§ Requirement
Pictures are to be dropped from the copy. Retype the listing exactly.

───── Task data

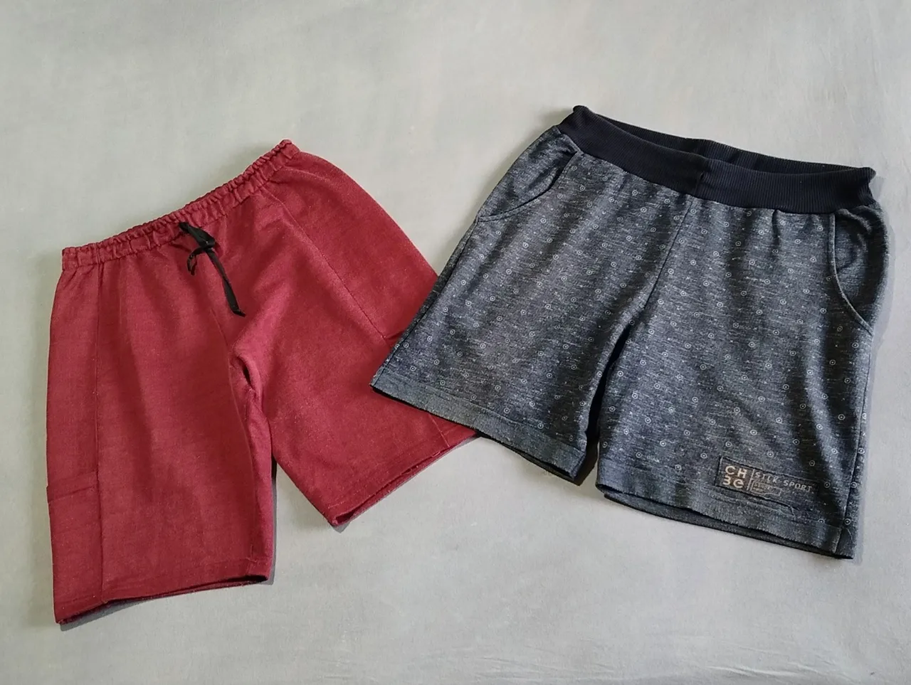 Duas bermudas masculina de moletom, uma bordô e outra cinza com preto. Tamanho: M. R$ 50,00 as duas.
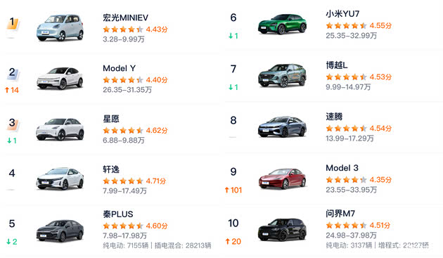 另一个方面,10以下价位产品同样占据4个席位,排名第1的宏光MINIEV销量超过5.6万,排名第10的比亚迪海鸥销量超过2.1万。(秦PLUS由汽车之家统计的经销商报价为6.98万-11.98万,主销车型绝大多数成交价在10万以下,因此也归于10万以下市场)
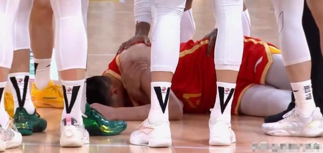 在球被夺走的同时,胡金秋也捂着左臂痛苦地倒在地上。
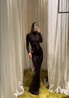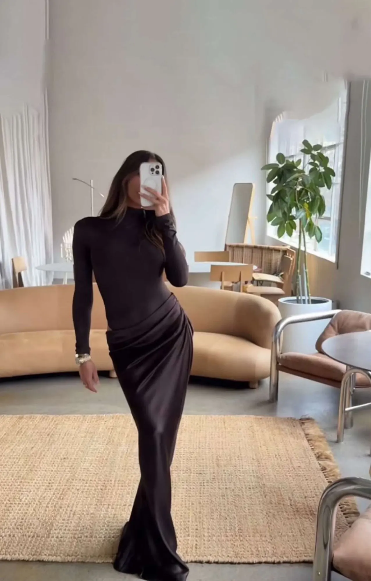 7 reviews for JULISSA MO Turtleneck Satin Sexy Hollow Out Zipper Women Maxi Dress Black Patchwork Long Sleeve Slim Elegant Party Evening Dress
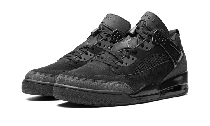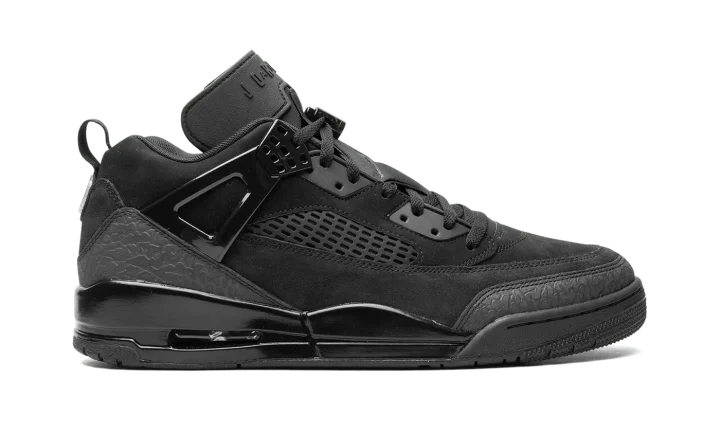 Embrace stealthy street style with the Jordan Spizike Low "Black Cat." This fusion sneaker is a tribute to Michael Jordan's nickname, blending iconic design cues from the Air Jordan 3, 4, 5, and 6 into a sleek low-top. It features a sophisticated all-black monochrome look across the nubuck upper, with tonal suede and classic elephant print overlays. Visible Air-Sole cushioning and a monochromatic outsole reinforce its heritage, making it a powerful, dark addition to any collection.
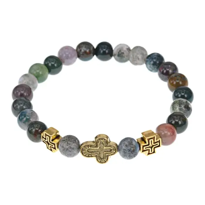 Православный стрейч-браслет из натуральной яшмы с надписью «Спаси и сохрани».
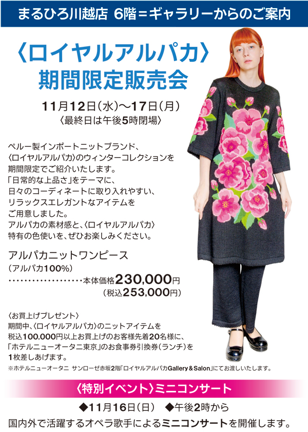 ●2025年11月12日(水)~2025年11月16日(日)まで ●2階=〈イビサ〉 開催店舗: 川越店
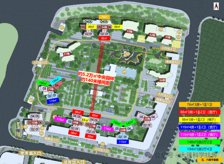 【楼间距】五六期园林南北楼距约140米,东西楼距约145米,视野景观开阔
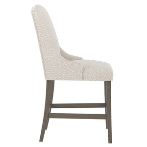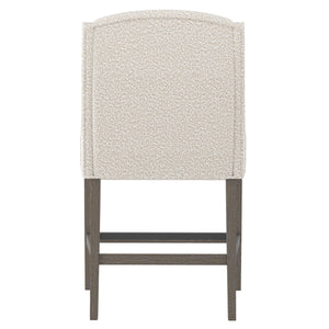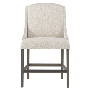 Upholstered inside and outside back. Upholstered seat with single welt.Non-wire-brushed finish on exposed wood legs and stretchers.Powder-coated Black finish on Steel kick plate on front stretcher.Optional nailhead trim available.
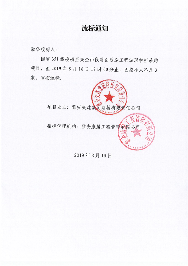 雅安交建集團路橋有限責(zé)任公司國道351線磽磧至夾金山段路面改造工程波形護欄采購項目流標通知
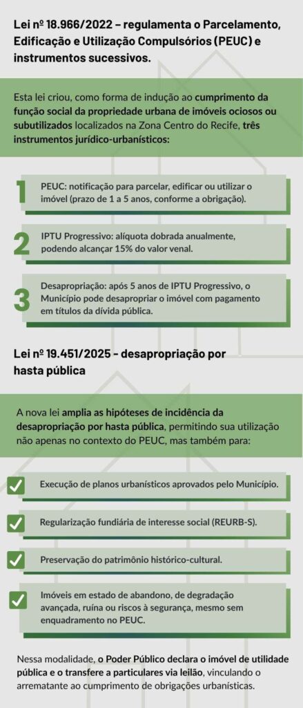 Proprietários de imóveis localizados nas áreas abrangidas, especialmente na Zona Centro do Recife, devem ficar atentos. O descumprimento da função social da propriedade pode resultar em aumento expressivo da carga tributária (IPTU progressivo) e, em última instância, na perda do imóvel por desapropriação.
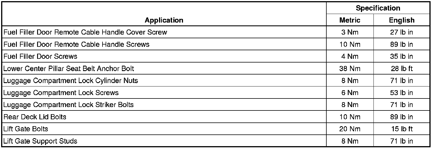 Fastener Tightening Specifications
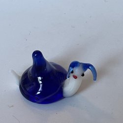 blå hund med sort snude (3cm) glasfigur / glasdyr
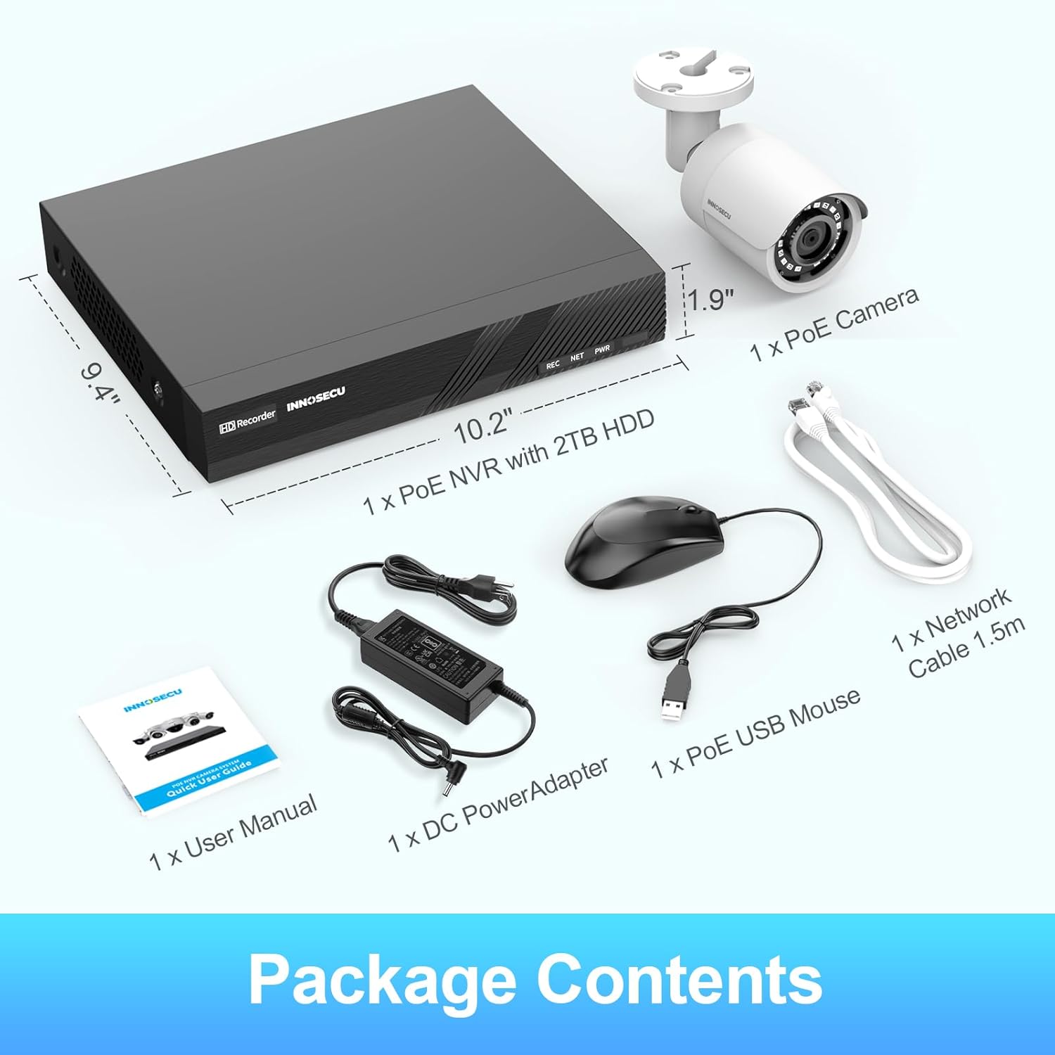 | BuiltIn Media | 1x 8-Channel 4K PoE NVR (2TB HDD), 1x DC Power Adapter, 1x Mouse, 1x Quick User Guide |

──────────

§ Completed task
 Duas bermudas masculina de moletom, uma bordô e outra cinza com preto. Tamanho: M. R$ 50,00 as duas.
 另一个方面,10以下价位产品同样占据4个席位,排名第1的宏光MINIEV销量超过5.6万,排名第10的比亚迪海鸥销量超过2.1万。(秦PLUS由汽车之家统计的经销商报价为6.98万-11.98万,主销车型绝大多数成交价在10万以下,因此也归于10万以下市场)
 在球被夺走的同时,胡金秋也捂着左臂痛苦地倒在地上。
 7 reviews for JULISSA MO Turtleneck Satin Sexy Hollow Out Zipper Women Maxi Dress Black Patchwork Long Sleeve Slim Elegant Party Evening Dress
 Embrace stealthy street style with the Jordan Spizike Low "Black Cat." This fusion sneaker is a tribute to Michael Jordan's nickname, blending iconic design cues from the Air Jordan 3, 4, 5, and 6 into a sleek low-top. It features a sophisticated all-black monochrome look across the nubuck upper, with tonal suede and classic elephant print overlays. Visible Air-Sole cushioning and a monochromatic outsole reinforce its heritage, making it a powerful, dark addition to any collection.
 Православный стрейч-браслет из натуральной яшмы с надписью «Спаси и сохрани».
 ●2025年11月12日(水)~2025年11月16日(日)まで ●2階=〈イビサ〉 開催店舗: 川越店
 【楼间距】五六期园林南北楼距约140米,东西楼距约145米,视野景观开阔
 Upholstered inside and outside back. Upholstered seat with single welt.Non-wire-brushed finish on exposed wood legs and stretchers.Powder-coated Black finish on Steel kick plate on front stretcher.Optional nailhead trim available.
 雅安交建集團路橋有限責(zé)任公司國道351線磽磧至夾金山段路面改造工程波形護欄采購項目流標通知
 Proprietários de imóveis localizados nas áreas abrangidas, especialmente na Zona Centro do Recife, devem ficar atentos. O descumprimento da função social da propriedade pode resultar em aumento expressivo da carga tributária (IPTU progressivo) e, em última instância, na perda do imóvel por desapropriação.
 Fastener Tightening Specifications
 blå hund med sort snude (3cm) glasfigur / glasdyr
 | BuiltIn Media | 1x 8-Channel 4K PoE NVR (2TB HDD), 1x DC Power Adapter, 1x Mouse, 1x Quick User Guide |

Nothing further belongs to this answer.